Now let us rejoice in all that is summertime. May the Caprese festivities commence! Get in on the fun of Galbani Caprese Challenge by visiting their website, and nabbing original recipes from other bloggers in this event. Galbani is giving away all kinds of fun prizes to voters through August 9, with a grand prize of $500 given to a random voter at the end of the contest. You can enter once a day, so go check out the other blogger’s fun spins on the classic Italian dish Caprese, and vote for a chance to win some great prizes!
Galbani Mozzarella Fresca is crafted here in the United States using Egidio Galbani’s original secret family recipe. Made in the fior di latte tradition from cow’s milk, the fresh mozzarella is gently stretched and kneaded through the Italian process known as pasta filata. This produces the uniquely soft, moist texture and mild, delicate taste Galbani Mozzarella Fresca is known for, as well as the melt-in-your-mouth deliciousness few can resist. Recently listed by the editors of Saveur Magazine as one of their favorite fresh mozzarellas, I think it’ll become your favorite as well!
Caprese Grilled Steak
2 packages anchovy fillets
2 cups fresh basil leaves
2 cloves fresh garlic
1/2 cup pinenuts
1/2 cup olive oil
salt and fresh ground pepper to taste
2 pounds beef tenderloin, flank, or New York Strip steak
1/2 cup small, colorful heirloom tomatoes, halved or diced
8 ounces Galbani® Mozzarella Fresca™ Perlini
2 tablespoons small, fresh basil leaves
In a blender or food processor, combine anchovy fillets, basil, garlic, pine nuts, olive oil, and salt and pepper until pureed. Spread a tablespoon over the top and bottom of steak. Cover steak and refrigerate for 20 minutes (and up to overnight) to marinate with nice flavor. Note: if you're in a hurry, no need to marinate!

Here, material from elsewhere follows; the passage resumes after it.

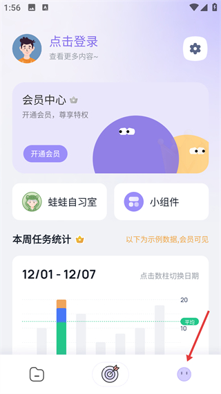 1、個人中心界面含會員開通入口、任務統計模塊,展示本周任務數據會員可見,是個人任務管理與會員服務的綜合頁面。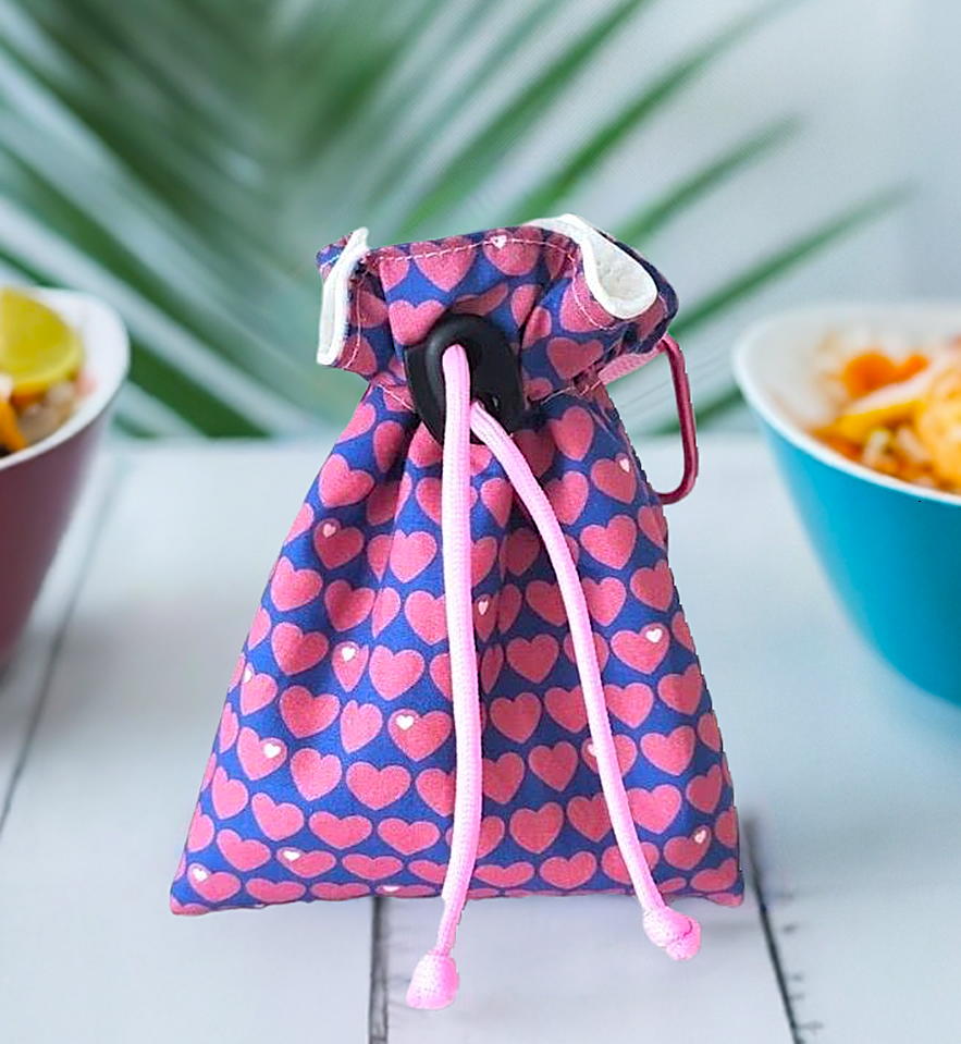 Futterbeutel beherzt Leckerli Beutel für Hunde Blau mit pinken Herzen aus Baumwolle für Hunde – ideal zum Training & Gassi

Grill steak on one side, over a medium-hot grill for 4-5 minutes. Flip steak, then grill until it reaches your desired doneness. Immediately top hot steaks with a generous amount of pesto. Allow to cool for 10 minutes before slicing against the grain into 1/2" slices. Sprinkle fresh cut tomatoes, Galbani Mozzarella Fresca pearls, and fresh basil leaves on top. Serve immediately and enjoy!